■ Problem to work on ■
Nothing but the pictures should be dropped; repeat the rest of the data below exactly.

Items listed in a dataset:
◆ ◆ ◆ ◆ ◆ ◆ ◆

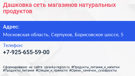 Дашковка, сеть магазинов натуральных продуктов по адресу Московская область, Серпухов, Борисовское шоссе, 5 в дальнейшем Организация, размещена в следующих категориях:
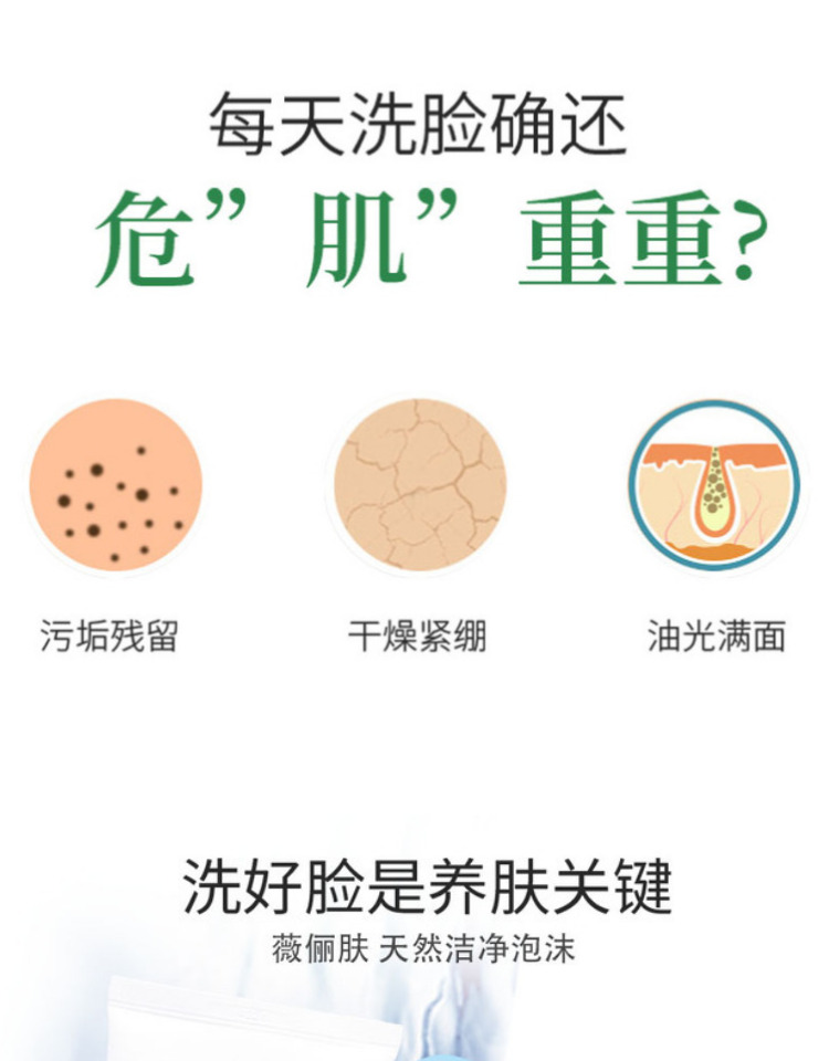 使用方法:取适量于掌心,揉出丰富的泡沫之后,在脸部轻轻按摩打圈,最后用温水洗净。
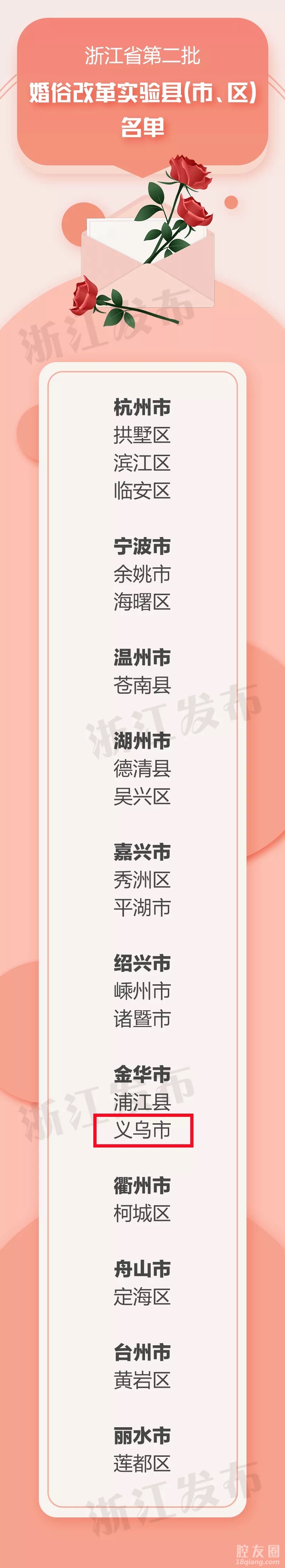 2020年6月,省民政厅出台《全省婚俗改革试点工作方案》,并于2020年8月确定19个全省首批婚俗改革实验县(市、区)。近期,在各地申报推荐的基础上,省民政厅又确定杭州市拱墅区等18个县(市、区)为全省第二批婚俗改革实验县(市、区),其中义乌也位列其中。试点时间原则上为两年。
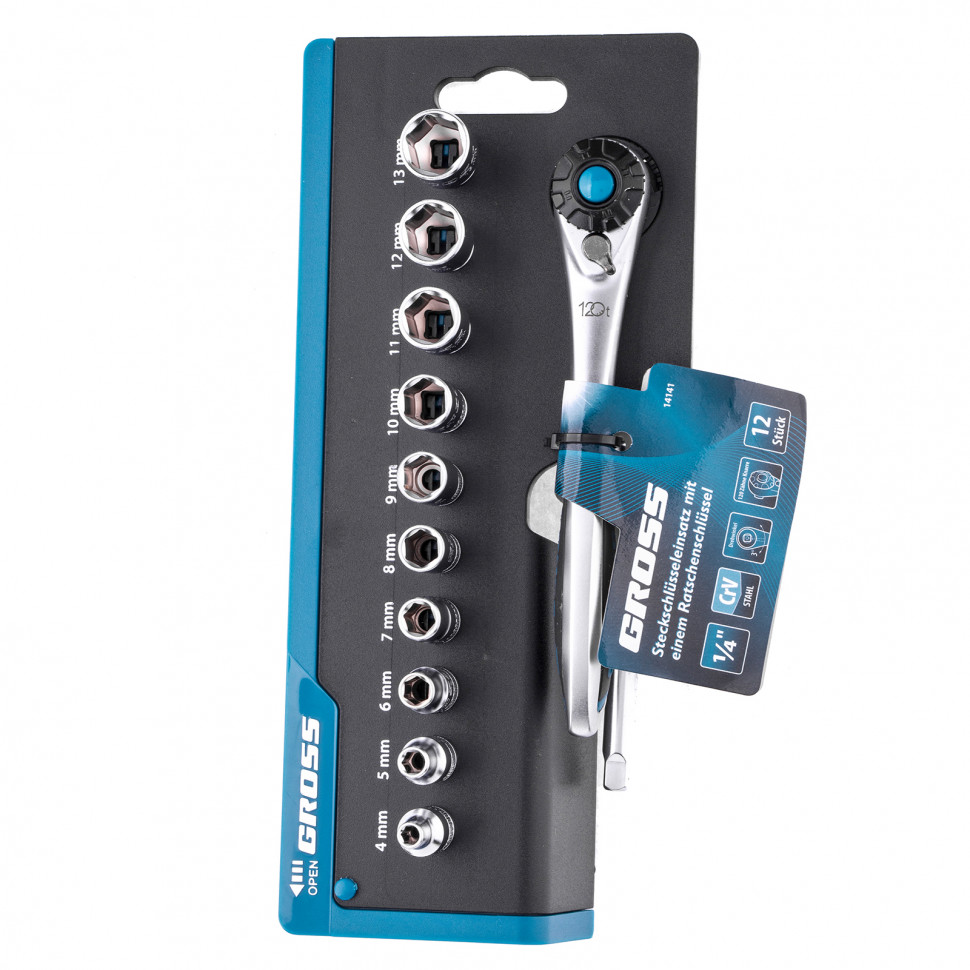 - Головки торцевые 1/4": 4, 5, 6, 7, 8, 9, 10, 11, 12, 13 мм
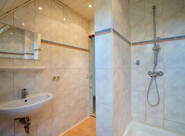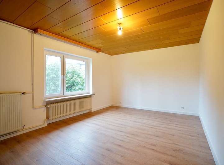 Im Erdgeschoss befinden sich ein Wohn- und Esszimmer, die durch Schiebetüren miteinander verbunden sind und sich bei Bedarf leicht voneinander trennen lassen. Die Einbauküche ist vollständig ausgestattet und bietet genügend Platz für einen kleinen Esstisch. Zwei Schlafzimmer wurden kürzlich renoviert und mit neuem Laminat sowie weißen Zimmertüren versehen. Ein Duschbad, ein Hauswirtschaftsraum und ein separates WC vervollständigen diese Ebene.
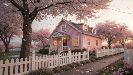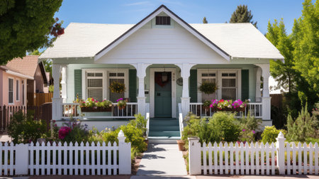 Black and White Cottage with White Fence and Path
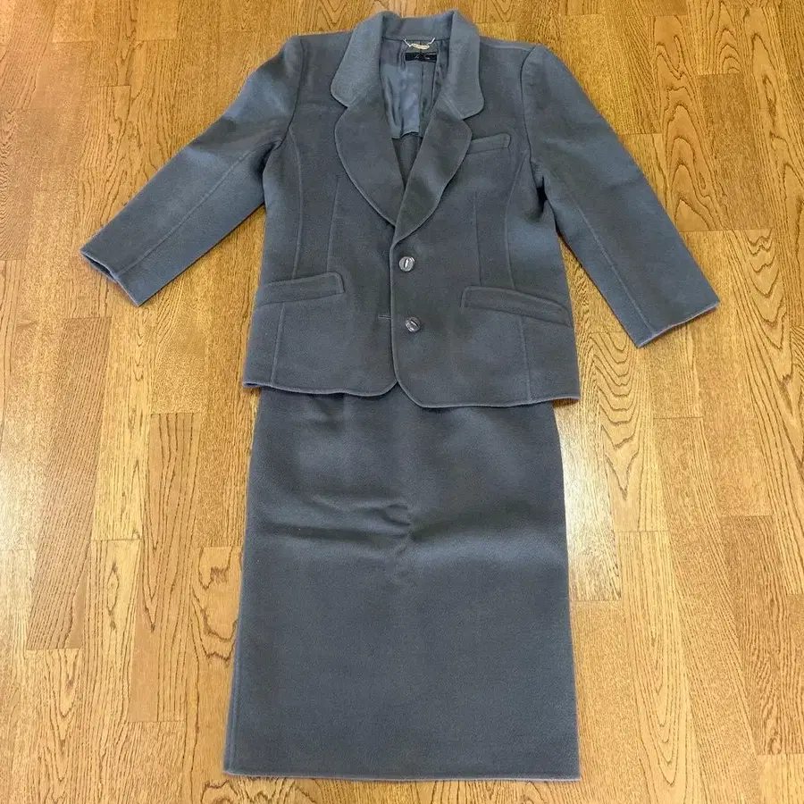 울 100% 그레이 정장 세트, 긴팔 자켓과 스커트 디자인. - 색상: 그레이 - 소재: 울 100%, 큐프라 100% - 스타일: 정장 세트 - 디자인: 자켓과 스커트 세트 - 소매: 긴팔 방문해 주셔서 감사합니다. 컬러 - 그레이 계열 사이즈 - 스커트 평평하게 놓았을 때 허리 약 37cm, 길이 약 66cm

◆ ◆ ◆ ◆ ◆ ◆ ◆

■ Task answer ■
 Дашковка, сеть магазинов натуральных продуктов по адресу Московская область, Серпухов, Борисовское шоссе, 5 в дальнейшем Организация, размещена в следующих категориях:
 使用方法:取适量于掌心,揉出丰富的泡沫之后,在脸部轻轻按摩打圈,最后用温水洗净。
 2020年6月,省民政厅出台《全省婚俗改革试点工作方案》,并于2020年8月确定19个全省首批婚俗改革实验县(市、区)。近期,在各地申报推荐的基础上,省民政厅又确定杭州市拱墅区等18个县(市、区)为全省第二批婚俗改革实验县(市、区),其中义乌也位列其中。试点时间原则上为两年。
 - Головки торцевые 1/4": 4, 5, 6, 7, 8, 9, 10, 11, 12, 13 мм
 Im Erdgeschoss befinden sich ein Wohn- und Esszimmer, die durch Schiebetüren miteinander verbunden sind und sich bei Bedarf leicht voneinander trennen lassen. Die Einbauküche ist vollständig ausgestattet und bietet genügend Platz für einen kleinen Esstisch. Zwei Schlafzimmer wurden kürzlich renoviert und mit neuem Laminat sowie weißen Zimmertüren versehen. Ein Duschbad, ein Hauswirtschaftsraum und ein separates WC vervollständigen diese Ebene.
 Black and White Cottage with White Fence and Path
 울 100% 그레이 정장 세트, 긴팔 자켓과 스커트 디자인. - 색상: 그레이 - 소재: 울 100%, 큐프라 100% - 스타일: 정장 세트 - 디자인: 자켓과 스커트 세트 - 소매: 긴팔 방문해 주셔서 감사합니다. 컬러 - 그레이 계열 사이즈 - 스커트 평평하게 놓았을 때 허리 약 37cm, 길이 약 66cm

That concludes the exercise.